Les pouvoirs publics français et européens, de même que les compagnies pétrolières ont-ils toujours « l’enthousiasme » du 21 novembre pour développer l’incorporation de bioéthanol dans les essences ? Six mois après la table ronde qui avait abouti à un dispositif ambitieux annoncé par le premier ministre, la profession agricole s’interroge. L’expérimentation de la région de Rouen, visant à incorporer 5 % de bioéthanol en direct dans les essences (300 000 tonnes) doit, certes, démarrer en ce début mai. Mais avec une surprise : la base d’essence utilisée pour cette opération – à basse volatilité – n’est pas produite par un pétrolier français mais importée. Et pourtant, les pétroliers, réunis au sein de l’UFIP (Union française des industries pétrolières) s’étaient engagés à proposer de telles bases. « C’est ce qu’on a fait», répond Jacques Blondy, responsable du dossier agricole au sein de la division marketing et raffinage de Total. « On a proposé des bases à faible volatilité mais… on n’a pas d’acheteur ! Quand on l’a fait, les responsables du projet Siplec nous ont affirmé qu’ils s’étaient déjà approvisionnés. » Et Jacques Blondy de certifier que cette base est au catalogue, même s’il reconnaît que le pétrolier « n’est pas chaud pour vendre ce produit qui présente de gros inconvénients. » Et qui, selon d’autres sources non confirmées par le pétrolier, n’aurait sans doute pas été proposé à des prix aussi intéressant que l’importation. De fait, le développement de ces essences éthanolables produits en France ne semble pas encore considérable en dépit de la hausse du prix du pétrole.

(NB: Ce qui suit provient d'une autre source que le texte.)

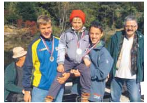
Zmagovalna trojka zadnje tekme – mladinci

Prvenstvo naj ribič se je končalo, zmagovalci pa smo vsi, ki smo tekmovali, saj nas povezuje stik z naravo, za katero tudi skrbimo po svojih najboljših zmožnostih. Tekmovalci so bili zadovoljni, saj nas prvenstvo bolj združuje pri naših prizadevanjih, lovu in prijateljstvu. Ne smem pozabiti tudi na našega tajnika, ki je bil na vseh tekmah tudi glavni kuhar in to zelo dober, ki je v šali odgovoril: "Seveda sem dober kuhar, saj ste vsi preživeli." Kljub hladnemu dnevu je druženje potekalo še v pozno popoldne.
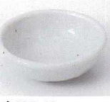
N085-48 白なしじタキ珍味 φ8.6×2.9cm 240円

Faire évoluer la réglementation
Autre obstacle, la réglementation. Les règles européennes n’ont pas encore évolué et bloquent encore à 3 % le taux d’incorporation en terme de pouvoir énergétique. Or, cette réglementation doit changer pour que le taux de 5,75 % soit atteint dès 2008 comme le plan français le prévoit. Autre avancée attendue : la normalisation réglementaire du carburant E85 (mélange de 15 % d’essence et 85 % d’éthanol). Ce mélange donne tout son intérêt aux automobiles Flex-Fuel (capables de rouler avec ce carburant) qui commencent à être commercialisées par Ford, Saab, et demain peut-être d’autres constructeurs. De plus, note Alain Jeanroy, coordonnateur du dossier bioéthanol pour la profession agricole, « il serait nécessaire que l’E85 bénéficie d’une exonération fiscale totale. Cela pourrait être prévu dans le cadre de la loi de finances 2007. »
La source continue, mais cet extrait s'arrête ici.